题目要求：
Given two binary trees and imagine that when you put one of them to cover the other, some nodes of the two trees are overlapped while the others are not.

You need to merge them into a new binary tree. The merge rule is that if two nodes overlap, then sum node values up as the new value of the merged node. Otherwise, the NOT null node will be used as the node of new tree.

题目分析：
合并二棵树，其实就是遍历的问题，采用先序遍历，先访问根结点，然后访问左子结点，右子结点，采用递归的方式来实现，对于递归肯定是有结束的判断，对于结束的条件返回什么比较合算，需要在不同的题中，不同的分析。在本题中，结束返回的是处理完的那个节点，然后之前的结点的左子结点，右子结点就可以为其赋值，达到想要的结果。
python代码的实现：

# Definition for a binary tree node.
# class TreeNode(object):
#     def __init__(self, x):
#         self.val = x
#         self.left = None
#         self.right = None

class Solution(object):
    def mergeTrees(self, t1, t2):
        """
        :type t1: TreeNode
        :type t2: TreeNode
        :rtype: TreeNode
        """
        if t1 != None and t2 != None:
            t1.val = t1.val + t2.val
        if t1 == None and t2 != None:
            return t2
        if t1 != None and t2 == None:
            return t1
        if t1 == None and t2 == None:
            return t1
        t1_l = t1.left
        t2_l = t2.left
        node = self.mergeTrees(t1_l, t2_l)
        t1.left = node
        t1_r = t1.right
        t2_r = t2.right
        node = self.mergeTrees(t1_r, t2_r)
        t1.right = node
        return t1

再重新写一遍程序，发现之前的只是实现功能，改变了原有的树的结构，这并不是我们愿意看到的景象，所以，应该是新建节点，然后建立新的树。其实下面的代码也是改变了结构，改了不相匹配的节点（一个为空，一个不为空，改变了不为空的那个节点）
python代码：

    def mergeTrees(self, t1, t2):
        """
        :type t1: TreeNode
        :type t2: TreeNode
        :rtype: TreeNode
        """
        if t1 and t2:
            new_node = TreeNode(t1.val + t2.val)
            new_node.left = self.mergeTrees(t1.left, t2.left)
            new_node.right = self.mergeTrees(t1.right, t2.right)
            return new_node
        return t1 or t2

先来看看大神们是怎么做的。大佬真的是厉害，通过判断，为空的变化为0来做，然后就可以把语句整合到一起了。
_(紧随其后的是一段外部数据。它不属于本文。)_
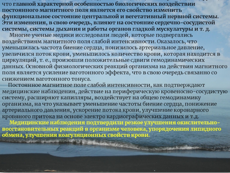 1968, Г. Блинкова, 1969, А. коган, 1971, Г.яковлева, 1973, Т. Жгенти, 1972, Г. Комарова, 1971 и другие) что главной характерной особенностью биологических воздействии постоянного магнитного поля является его свойство изменить функциональное состояние центральной и вегетативный нервной системы. Эти изменения, в свою очередь, влияют на состояние сердечно-сосудистой системы, системы дыхания и работы органов гладкой мускулатуры и т. д.

def mergeTrees(self, t1, t2):
    if not t1 and not t2: return None
    ans = TreeNode((t1.val if t1 else 0) + (t2.val if t2 else 0))
    ans.left = self.mergeTrees(t1 and t1.left, t2 and t2.left)
    ans.right = self.mergeTrees(t1 and t1.right, t2 and t2.right)
    return ans

我刚刚一晃神，以为是自己写的程序，，哇，原来也是之前复制粘贴大佬的程序，居然跟我写的一样，尴尬，保证没有抄袭。。

class Solution(object):
    def mergeTrees(self, t1, t2):
        if t1 and t2:
            root = TreeNode(t1.val + t2.val)
            root.left = self.mergeTrees(t1.left, t2.left)
            root.right = self.mergeTrees(t1.right, t2.right)
            return root
        else:
            return t1 or t2

class Solution(object):
    def mergeTrees(self, t1, t2):
        """
        :type t1: TreeNode
        :type t2: TreeNode
        :rtype: TreeNode
        """
        if not t1 and not t2: return None
        if t1:
            v1, L1, R1 = t1.val, t1.left, t1.right
        else:
            v1, L1, R1 = 0, None, None
        if t2:
            v2, L2, R2 = t2.val, t2.left, t2.right
        else:
            v2, L2, R2 = 0, None, None
        node = TreeNode(v1+v2)
        node.left = self.mergeTrees(L1, L2)
        node.right = self.mergeTrees(R1, R2)
        return node

大佬另辟蹊径，然后把类别分出来，然后依据类别进行选择。。。666.